New technology industries such as new energy vehicles, artificial intelligence, industrial robots, and 5G-powered mining, transportation, restaurant, and entertainment businesses will continue to provide a strong source of economic growth. Technologies that help China move closer to carbon neutrality will also provide support for growth.
Additionally, the country is expected to vigorously develop its real estate sector, another strong driver of the economy, which has suffered throughout 2021 due to tougher government regulations to rein in prices. As a result, some property developers, including Evergrande Group, defaulted on repayment of its debt. In 2022, the government must support the real estate sector and help stimulate sales of commercial properties to energize this important sector.
By all metrics, China faces far less pressure to rein in inflation than other economies, such as the United States and many European countries. Thus, the People’s Bank of China, the central bank, should be bolder in reducing commercial lenders’ reserve requirement ratios and benchmark interest rates to ensure sufficient liquidity in the money market, in order to reduce financing costs. borrowing from tens of thousands of Chinese companies.
China recorded annual real GDP growth of 8.1% in 2021, one of the highest rates in the world. For most countries, that would be an enviable achievement. However, for China, this return to high growth was largely a consequence of the rebound to growth of a meager 2.3% in 2020. Therefore, more careful efforts should be made this year by the country. in order to achieve the real growth of about 5.5%. rate.
In addition to the COVID-19 pandemic and the tariff war between the United States and China, two other uncertainties are emerging on the global horizon that could have profound implications for the recovery of the global economy in the sense of large. One is the conflict between Russia and Ukraine, which could drag on and even escalate into something like a direct confrontation between the US-led Western alliance and nuclear-armed Russia.

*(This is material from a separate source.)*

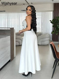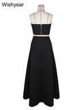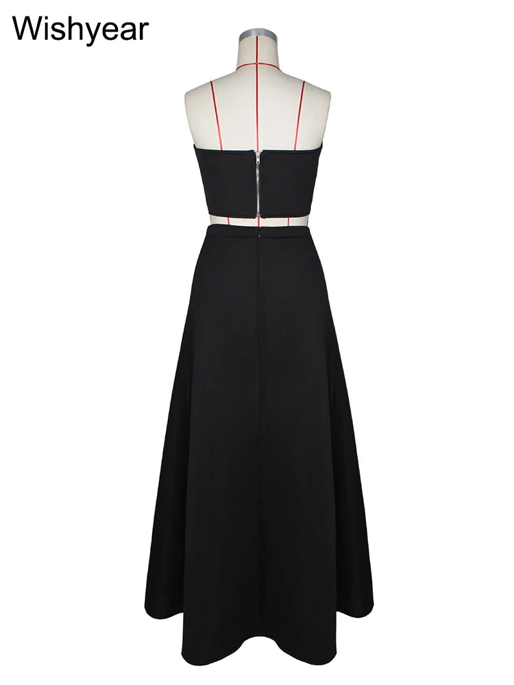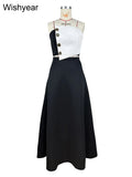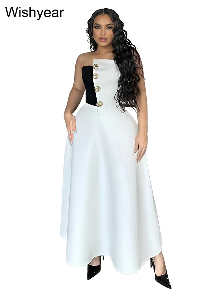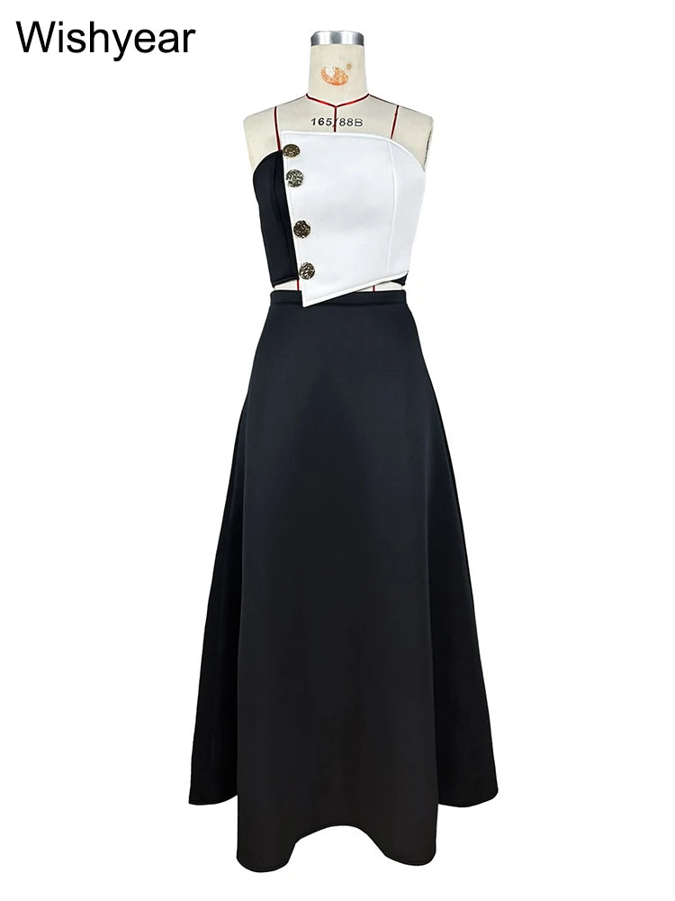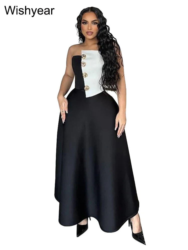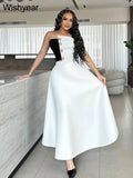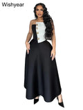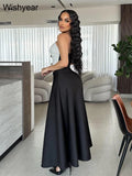 Saashi Elegant Black and White Strapless Top with High-Waist A-Line Skirt Two-Piece Set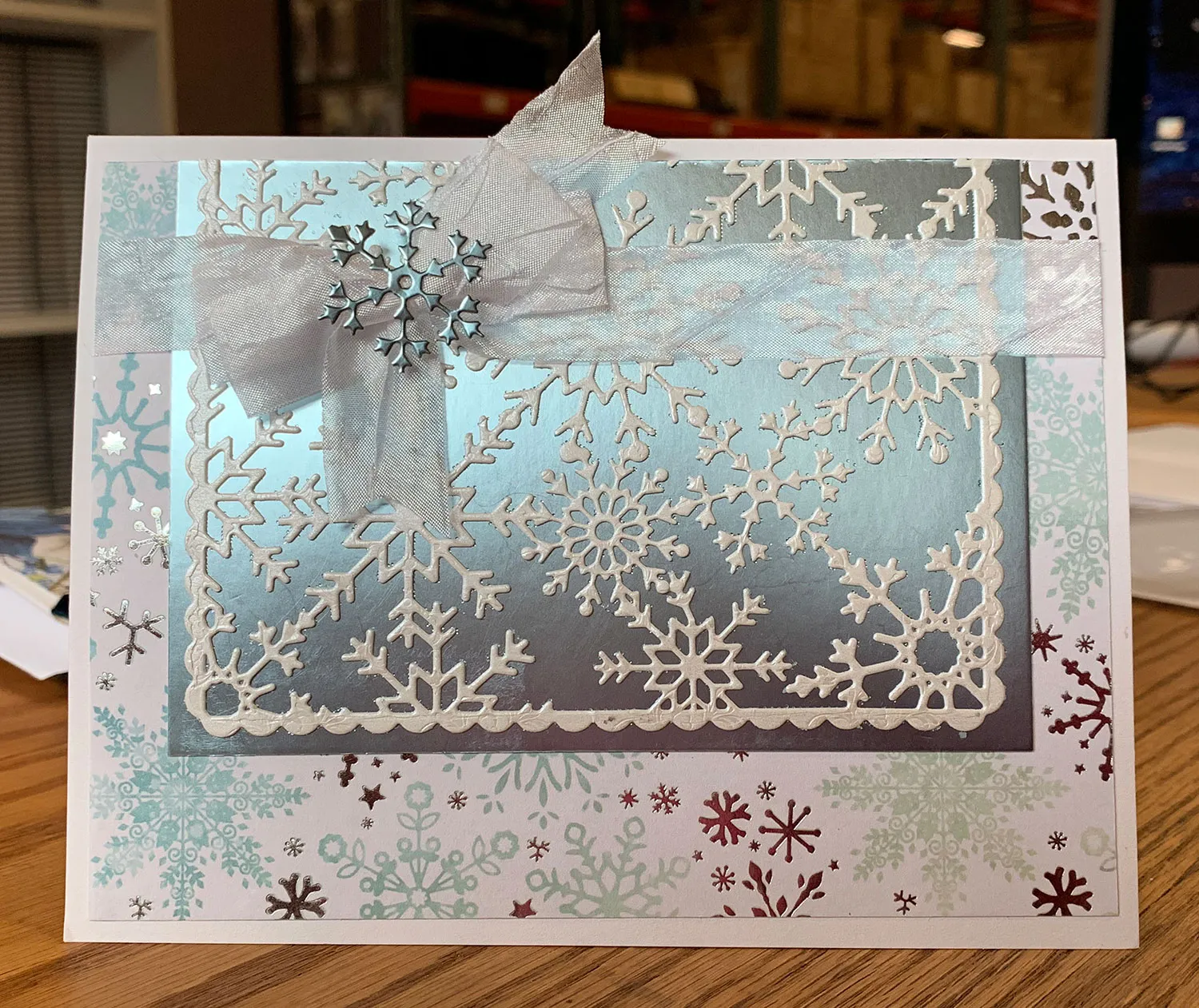 Die cut the dendritic crystals from light blue mirror cardstock. Carefully cut the snowflakes apart, trimming off the outer frame. Glue a 1 1/8" wide snowflake to the bow center and save the remaining flakes for the inside.

The other is the increasingly hawkish moves by the US Federal Reserve to raise interest rates to control the country’s runaway inflation. Higher rates in the United States will undoubtedly attract more capital to Wall Street. Thus, monetary tightening by the United States will continue to create a highly disruptive ripple effect on the stability of bonds and equities in developing economies, including China. And it deserves the attention of policy makers.
China should be the ballast to lead growth. The global economy is becoming increasingly integrated, as any shift in the public health, geopolitics and macroeconomic environment – reflected by the pandemic, the Ukraine crisis and soaring inflation in the United States – must have an impact on China’s growth prospects. But as the world’s second-largest economy, continued robust growth is important, not just for China itself but for many other countries.